* Exercise requirements
In the material below, find the line with "Термостатический смеситель для" and the line with "Lait micellaire pour". Output exactly those two lines and all lines between them, leaving out pictures.

* Entries provided
╭──

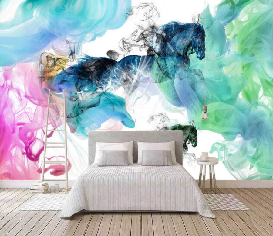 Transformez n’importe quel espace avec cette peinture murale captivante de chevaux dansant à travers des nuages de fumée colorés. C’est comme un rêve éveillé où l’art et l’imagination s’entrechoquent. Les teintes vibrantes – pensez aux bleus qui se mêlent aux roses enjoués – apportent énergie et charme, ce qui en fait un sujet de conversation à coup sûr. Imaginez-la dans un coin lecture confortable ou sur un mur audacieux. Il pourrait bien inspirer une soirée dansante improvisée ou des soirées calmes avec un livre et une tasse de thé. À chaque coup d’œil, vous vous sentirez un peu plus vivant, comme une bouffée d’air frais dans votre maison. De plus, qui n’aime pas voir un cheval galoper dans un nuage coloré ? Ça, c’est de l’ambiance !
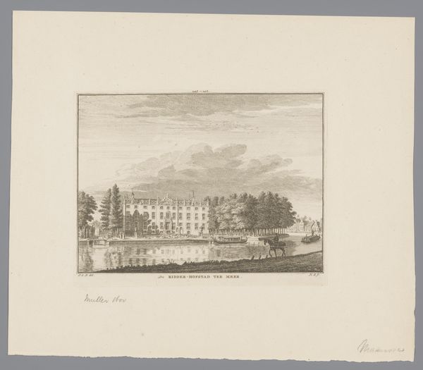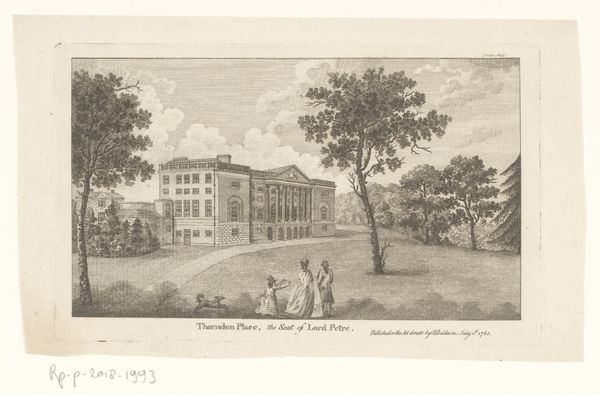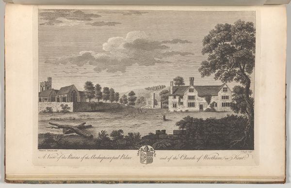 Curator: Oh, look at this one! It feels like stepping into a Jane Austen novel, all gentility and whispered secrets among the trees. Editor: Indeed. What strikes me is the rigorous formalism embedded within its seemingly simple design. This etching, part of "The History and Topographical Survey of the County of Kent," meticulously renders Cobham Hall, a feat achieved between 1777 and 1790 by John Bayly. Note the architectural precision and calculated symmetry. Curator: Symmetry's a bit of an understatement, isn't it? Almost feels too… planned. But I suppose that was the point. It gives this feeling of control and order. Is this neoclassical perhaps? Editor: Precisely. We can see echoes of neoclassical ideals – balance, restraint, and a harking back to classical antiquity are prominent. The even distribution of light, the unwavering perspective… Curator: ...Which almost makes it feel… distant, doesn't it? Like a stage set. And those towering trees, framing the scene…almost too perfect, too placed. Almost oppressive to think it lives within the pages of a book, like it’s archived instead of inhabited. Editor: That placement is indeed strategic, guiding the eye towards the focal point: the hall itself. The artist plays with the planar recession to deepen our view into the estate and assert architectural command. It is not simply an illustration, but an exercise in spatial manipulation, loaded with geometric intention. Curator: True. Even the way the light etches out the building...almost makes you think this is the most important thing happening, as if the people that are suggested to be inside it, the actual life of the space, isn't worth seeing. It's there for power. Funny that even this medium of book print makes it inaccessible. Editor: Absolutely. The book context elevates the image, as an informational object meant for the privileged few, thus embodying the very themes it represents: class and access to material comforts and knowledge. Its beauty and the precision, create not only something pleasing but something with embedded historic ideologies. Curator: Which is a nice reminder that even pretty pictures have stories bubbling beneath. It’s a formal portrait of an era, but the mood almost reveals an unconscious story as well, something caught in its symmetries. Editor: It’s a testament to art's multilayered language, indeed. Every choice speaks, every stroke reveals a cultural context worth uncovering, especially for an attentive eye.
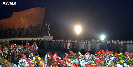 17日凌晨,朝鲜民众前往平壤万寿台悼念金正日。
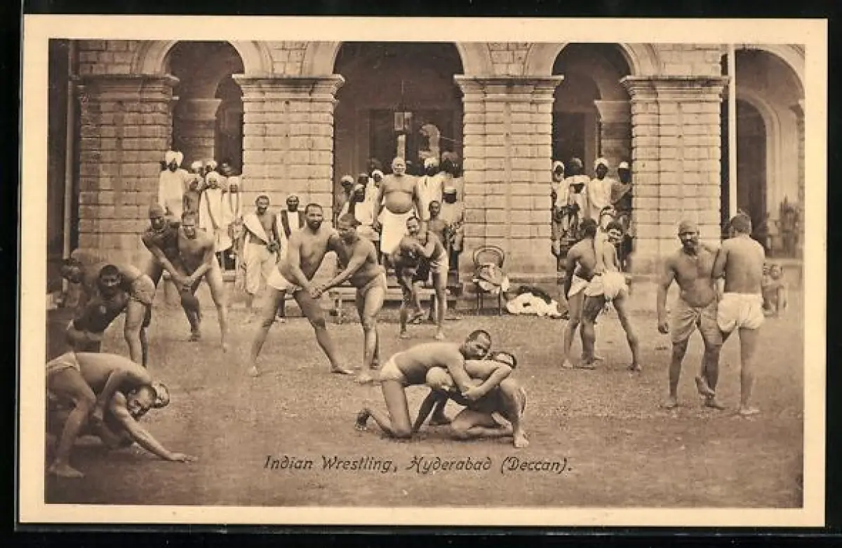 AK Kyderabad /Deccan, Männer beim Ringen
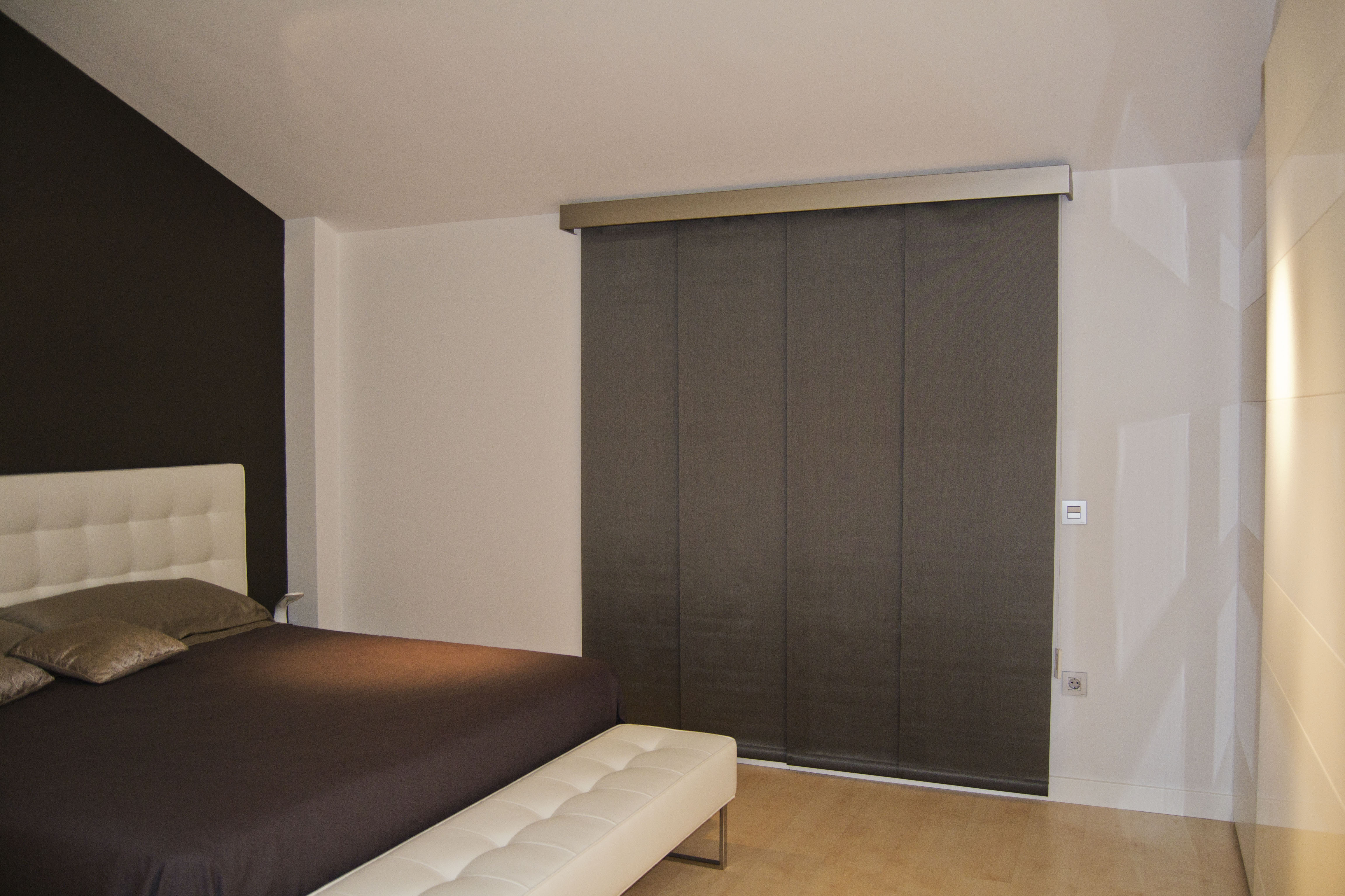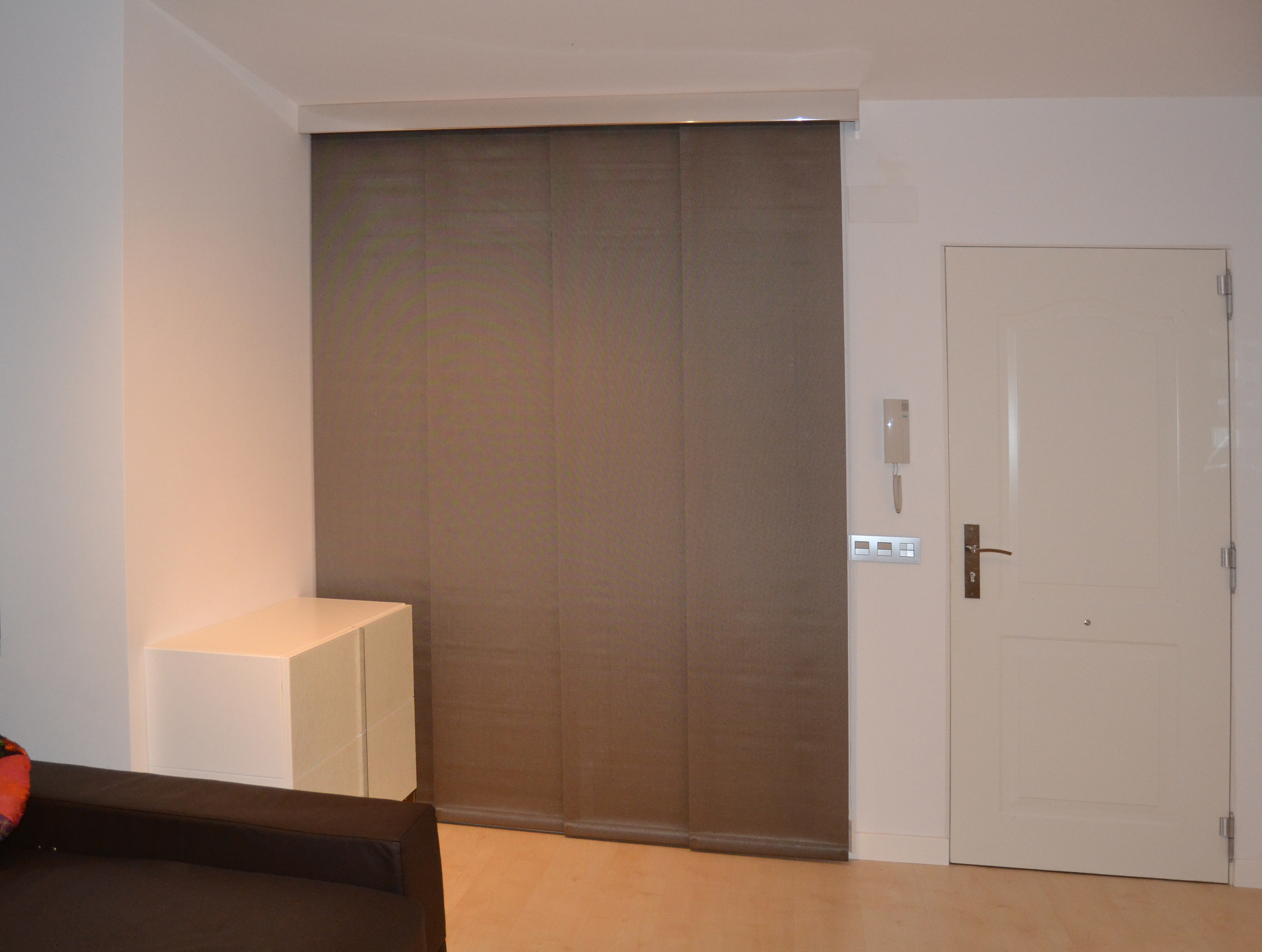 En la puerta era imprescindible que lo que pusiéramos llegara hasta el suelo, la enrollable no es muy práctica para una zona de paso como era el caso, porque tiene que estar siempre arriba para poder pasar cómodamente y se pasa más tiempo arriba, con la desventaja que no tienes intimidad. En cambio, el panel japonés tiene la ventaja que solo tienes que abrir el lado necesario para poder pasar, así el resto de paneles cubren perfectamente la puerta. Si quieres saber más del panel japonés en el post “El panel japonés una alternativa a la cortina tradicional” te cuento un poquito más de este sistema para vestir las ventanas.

╰──
╭──

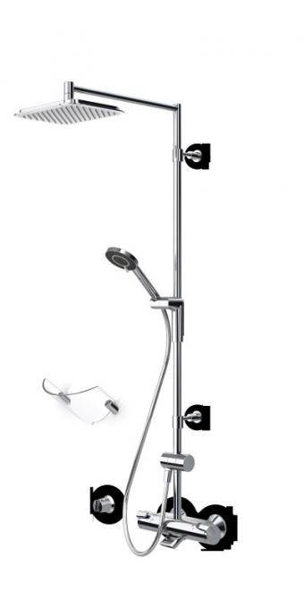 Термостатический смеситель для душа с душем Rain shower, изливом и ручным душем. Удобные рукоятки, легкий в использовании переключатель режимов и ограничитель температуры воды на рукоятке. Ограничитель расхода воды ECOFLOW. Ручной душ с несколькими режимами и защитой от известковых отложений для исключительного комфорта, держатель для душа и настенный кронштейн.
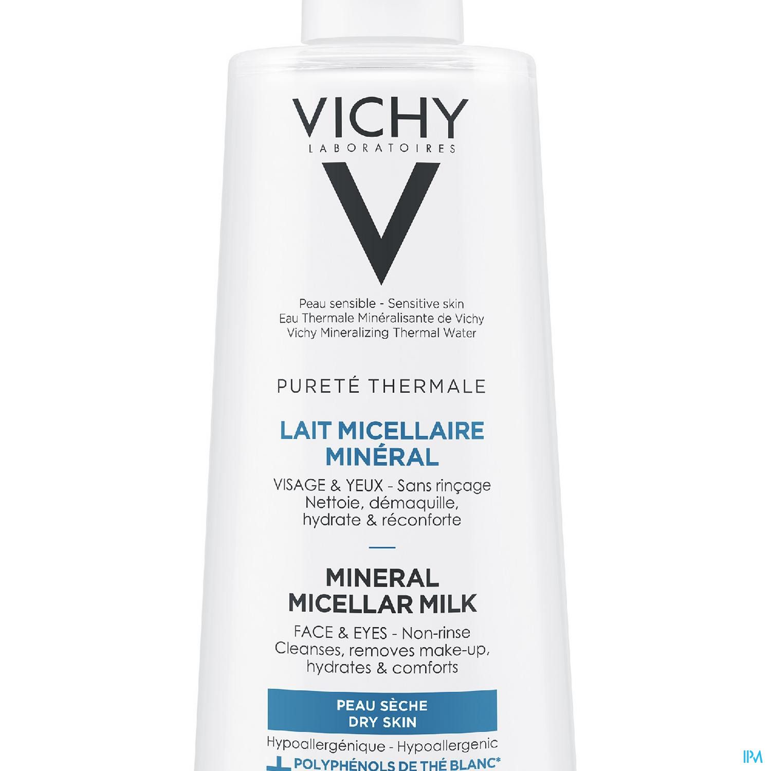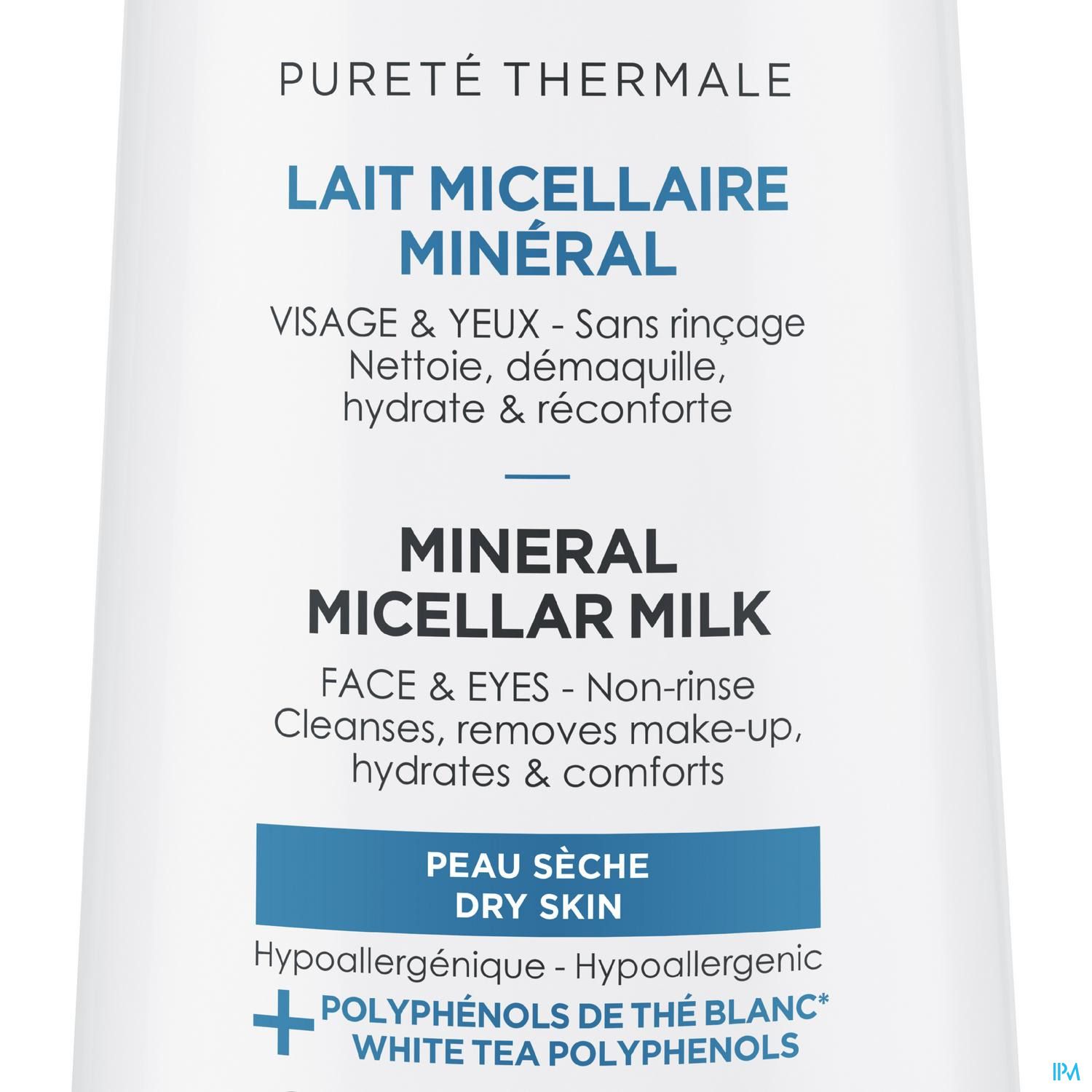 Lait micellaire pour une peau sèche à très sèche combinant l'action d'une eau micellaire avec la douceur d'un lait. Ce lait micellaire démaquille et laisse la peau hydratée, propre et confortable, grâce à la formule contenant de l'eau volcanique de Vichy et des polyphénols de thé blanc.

╰──

* Result of the task
 Термостатический смеситель для душа с душем Rain shower, изливом и ручным душем. Удобные рукоятки, легкий в использовании переключатель режимов и ограничитель температуры воды на рукоятке. Ограничитель расхода воды ECOFLOW. Ручной душ с несколькими режимами и защитой от известковых отложений для исключительного комфорта, держатель для душа и настенный кронштейн.
 Lait micellaire pour une peau sèche à très sèche combinant l'action d'une eau micellaire avec la douceur d'un lait. Ce lait micellaire démaquille et laisse la peau hydratée, propre et confortable, grâce à la formule contenant de l'eau volcanique de Vichy et des polyphénols de thé blanc.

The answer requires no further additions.